I see someone has already told you about using the foreach instead of the
for loop like you are doing, But I don't see an answer to your question
about using split. Here is an untested snippet to give an example (This
assumes a tab delimiter between the first and second column, use the
delimiter you have in yours).:
open (ACCS, "C:\\Perl\\BioPerl-0.7\\Seqdata\\Accession.txt") or die "can't
open Accessions file";
@ets=<ACCS>;
foreach (@ets) {
($first, $second) = split(/\t/, $_); #(Splits current on a tab: \t)
# do what you need with the two variables
}
you are right, that is a very fast way to deal with files.
If you have regularly delimited files, and would prefer to work with them
using SQL like syntax, you might look at DBD::CSV for another alternative.
Steve Howard
-----Original Message-----
From: Stephen Henderson [mailto:[EMAIL PROTECTED]]

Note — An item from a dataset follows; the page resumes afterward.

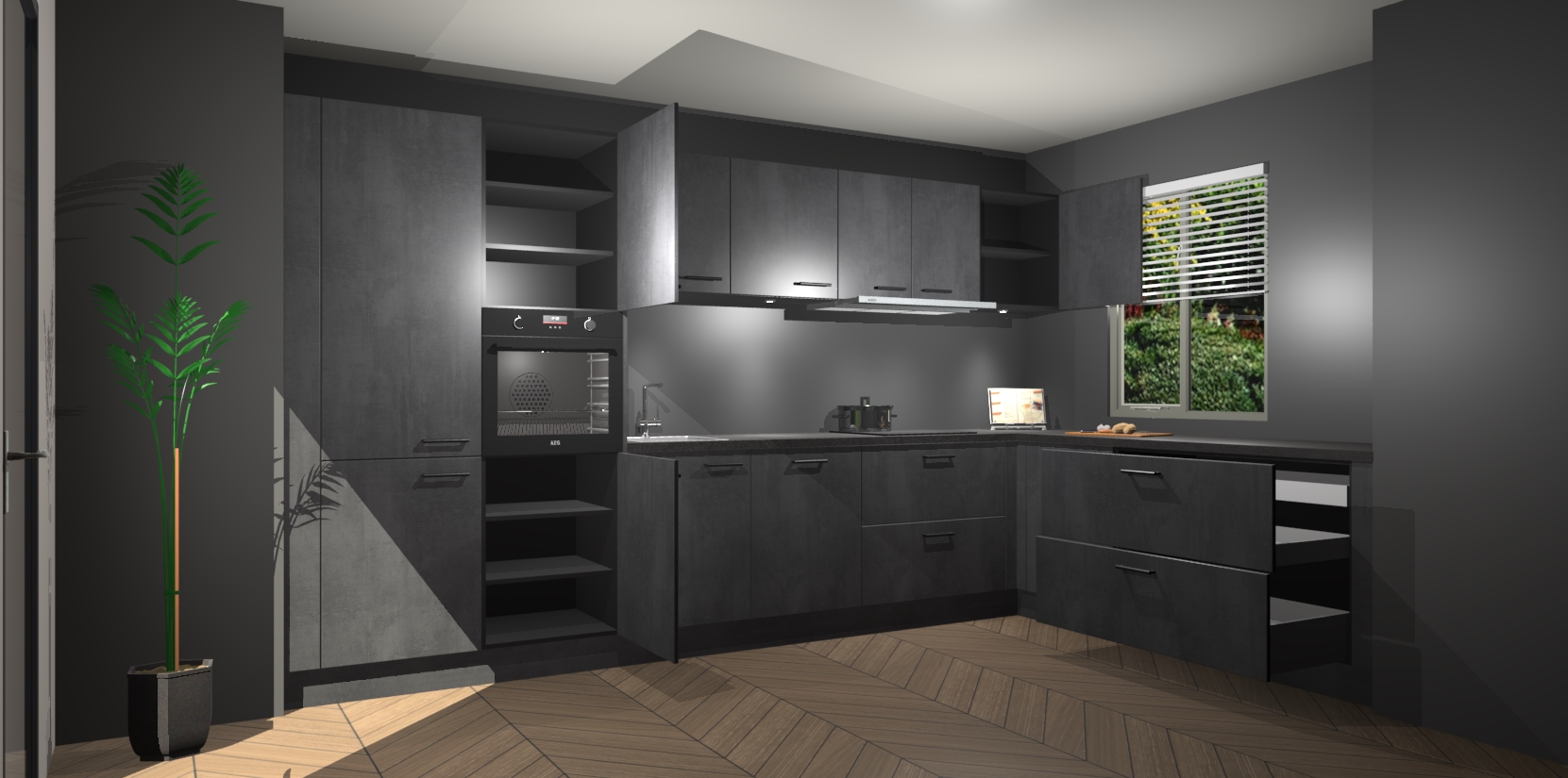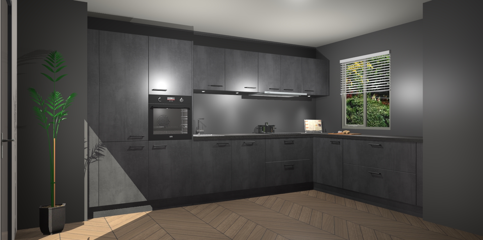 Verwelkom de natuurlijke warmte van de Beton Zwart keuken Petten in uw huis. Deze prachtige hoekkeuken met zijn moderne design en warme houten look geeft u meer dan genoeg opbergruimte om uw comfortabel te voelen in uw keuken. Geniet van soft-close deuren die al uw gasten het gevoel zullen geven dat ze zich in een luxueuze ruimte bevinden.

Sent: Tuesday, June 12, 2001 9:59 AM
To: '[EMAIL PROTECTED]'
Subject: use of split command
I am trying to read a quite large file (ca 13000 lines) directly into an
array (for speed)
like this
open (ACCS, "C:\\Perl\\BioPerl-0.7\\Seqdata\\Accession.txt") or die "can't
open Accessions file";
@ets=<ACCS>;
$ets_count=@ets;
the actual data is a 2 column tab delimited file like:
<<...OLE_Obj...>>
etc....
I have been looking at the directions on using the split command in the
"Perl -in a nutshell book", but really can't figure out how to split the
@ets array into 2 separate arrays (say--@etsOrig + @etsRefSeq). I feel this
is probably simple but err...not to me.
Alternatively if you can tell me how to reference just the second part of
the line in a loop like e.g.
for($i=0; $i < $ets_count; $i++)
{
seq->some_function_of(the second column of @ets[$i}
}
maybe that would be quicker???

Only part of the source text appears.